On self-funded plans, employers only pay for their employees’ health care. This differs from fully funded projects, in which employers pay an insurance company a set amount to take on the financial risk of paying for any health care their employees might need. Insurers often charge a very high price for taking on this risk because they have to plan for the worst-case scenario.
So, self-funding is cheaper unless, all of a sudden, your employees need a lot of expensive health care that you didn’t plan for. Level funding comes into play here. With level funding, there is a limit on how much an employer has to pay for health claims in a given year. Stop-loss insurance pays for claims that go over that amount.

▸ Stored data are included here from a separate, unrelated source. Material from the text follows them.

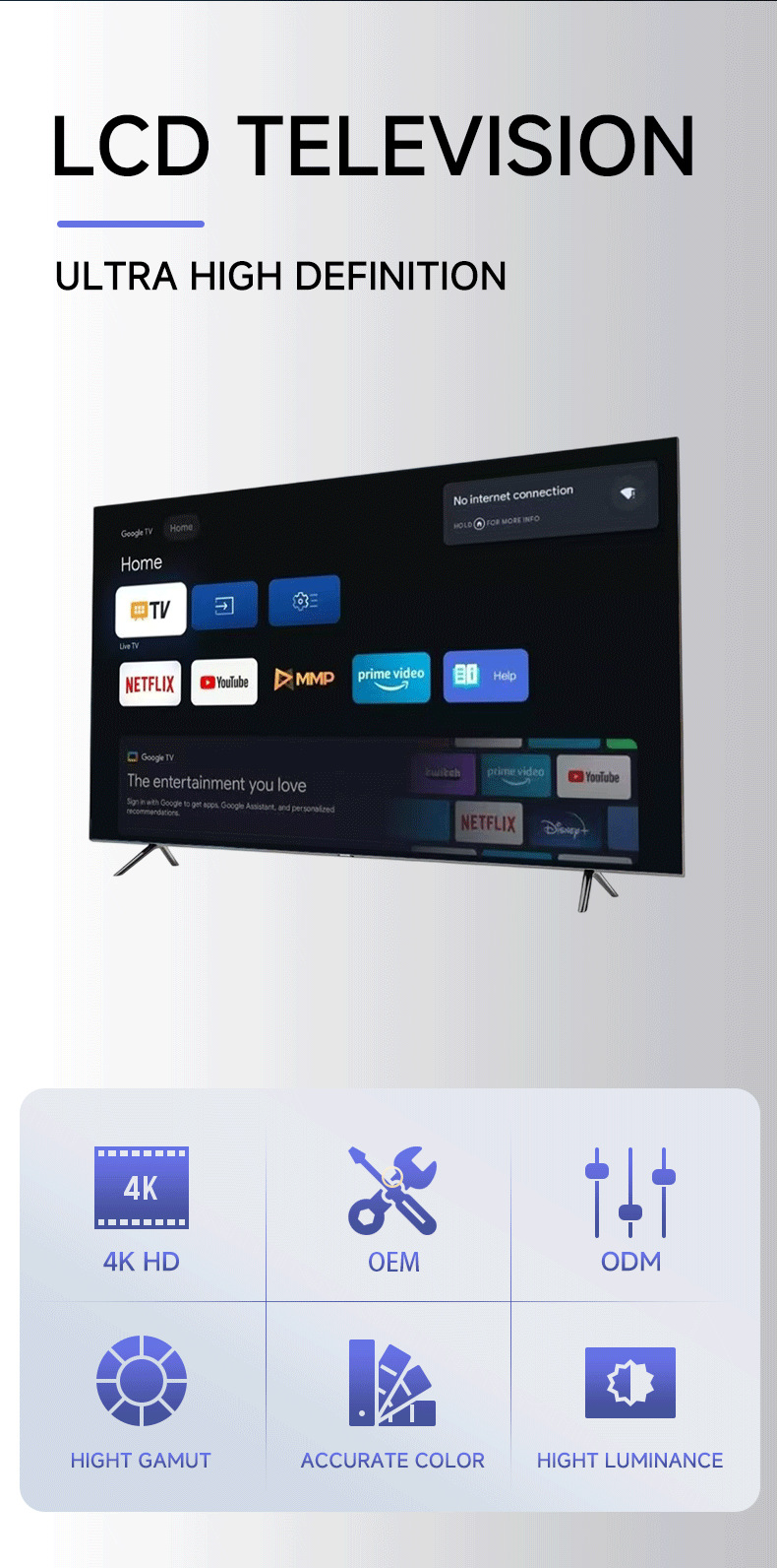 We primarily serve hotels, real estate developers (for premium-finished housing projects), educational institutions, commercial display system integrators, and international clients, offering highly reliable, cost-effective, and deeply customizable LCD TV solutions, including: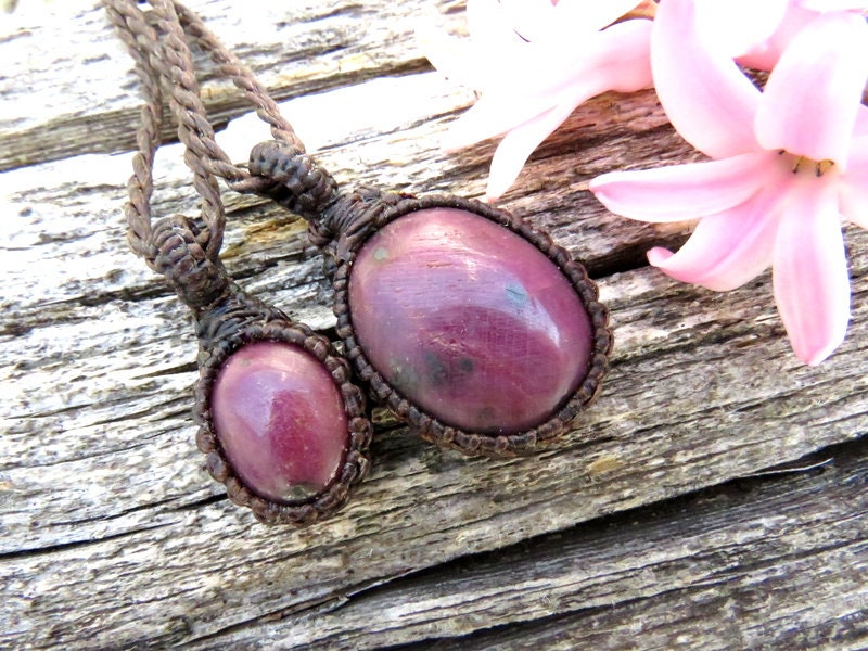 Lovely Ruby macramé necklace set - Gorgeous, deep fuchsia color ! This listing is for TWO macrame necklaces! Can be worn separately or layered together. **We are showing the set with the 18 inch and 22 inch cord lengths for the layered look!
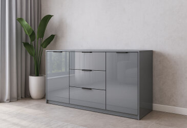 - super-cena, drevotrieska, lesklá, so zásuvkami, s dvierkami, lesklý sivý lávový, guličkové vedenie plného výsuvu, 3 zásuvky, drevotrieska.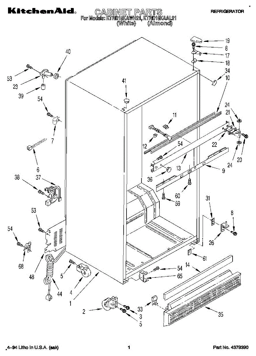 Parts for Kitchenaid KTRD18KAWH21: 01 - Cabinet Parts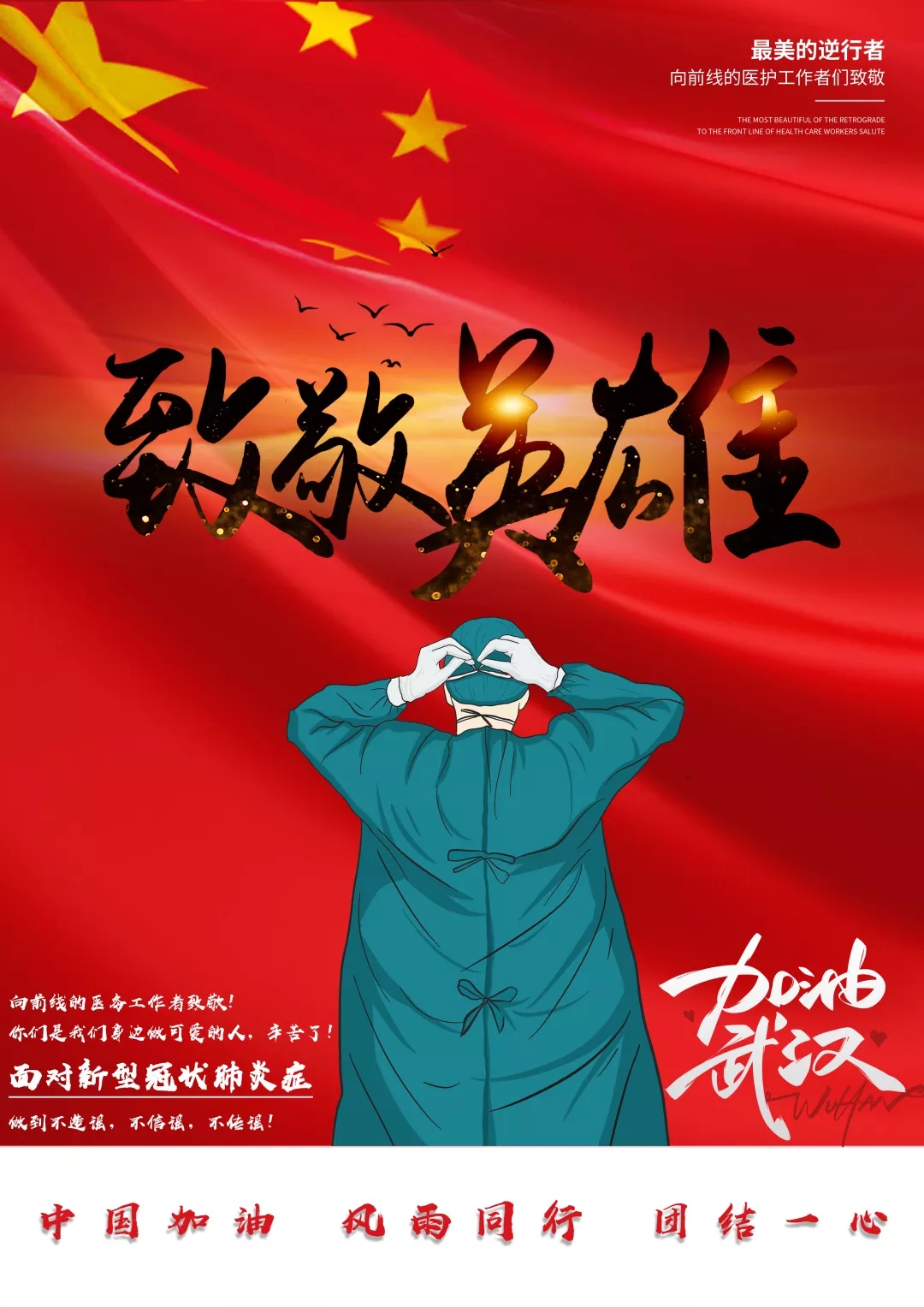 致敬!致敬!致敬所有在武汉抗疫一线的工作人员!你们是战士,满腔热血,奋勇向前,尽显中华之魂。向一线工作的战士们致敬,祝愿此次疫情早日结束。万众一心,共同抗疫!这是一场必定会胜利的“战疫”!武汉加油!中国加油!
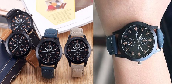 Модные мужские кварцевые часы, в стильном черном корпусе из нержавеющей стали на ремешке из кожи.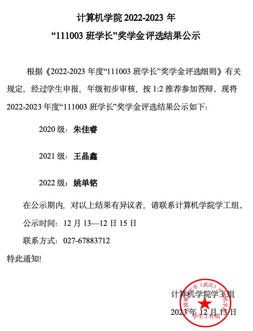 十大买球的正规网站2022-2023年 “111003班学长”奖学金评选结果公示

Self-funded plans with level funding eliminate the markups that come with fully funded projects and the risk of paying for too big claims.
2. Fair-value reimbursement (FVR)
Find insurance companies that use FVR.
FVR is an alternative to the way care has always been priced. The FVR model pays providers based on an established benchmark, such as Medicare reimbursement rates or the provider’s reported costs, so that healthcare providers can’t make up fees too high. This helps keep the costs of claims down and makes them easier to plan for over time.
FVR is hard to add to plans that are fully funded, so it is more common to find it in projects that are self-funded or level-funded.
3. Pharmacy benefit managers who are open to the public (transparent PBMs)
Look for insurers that work with PBMs that are easy to understand.
A pharmacy benefits manager (PBM) is a third-party service that helps connect health insurers with pharmacies and drug manufacturers. PBMs negotiate drug prices and handle distribution on behalf of insurers. This should make prescriptions cheaper and easier to get for people with health plans from those insurers.
In reality, the lack of regulation in the U.S. pharmaceutical industry makes it easy for PBMs to raise prices all along the supply chain for their benefit. That’s why it’s essential to ensure that your insurer’s PBM is transparent, which means they give the health insurance company all discounts and rebates. PBMs that are open about making money only charge the insurer a fixed administrative fee.
Where can you buy health insurance for a small group?
Small-group health insurance can be bought in the following ways for your employees:
- Right from a company in your state that sells insurance.
- They are using a broker for insurance. The broker will look for insurance policies that fit your business’s needs. They will charge a broker’s fee and a commission, usually a percentage of the premium. With Gusto and QuickBooks Payroll, for example, you can buy health insurance from brokers on their platforms.
- With the Small Business Health Options Program: SHOP is a way for businesses with fewer than 50 full-time equivalent employees to get insurance from the federal government (up to 100 in some states). Most states require that at least 70% of your employees are eligible to join your SHOP health plan. A small-business healthcare tax credit could cover up to 50% of the premiums for businesses with less than 25 employees.
- You are using an Employer Organization for Professionals. A PEO is a business you can hire to handle your benefits. PEOs can legally hire your employees along with you. PEOs have the same number of employees as larger companies because they are co-employers for several small businesses. This lets them get insurance rates that are better than most small businesses can get.
- Get on the QSEHRA list. This is a plan for small businesses that reimburse employees for certain healthcare costs. Employees can’t put money into their QSEHRAs through their paychecks, and the terms for employer contributions must be the same for each employee.
When you shop for a small-group health plan for your employees, the insurance company will give you quotes based on where your business is located and how many full-time equivalent employees you have.
Conclusion – How Much Does Small Business Health Insurance Cost?
This article is for general knowledge, and it may not be changed after it’s published. Don’t use this article as tax, accounting, or legal advice. Instead, talk to your tax, accounting, or legal expert.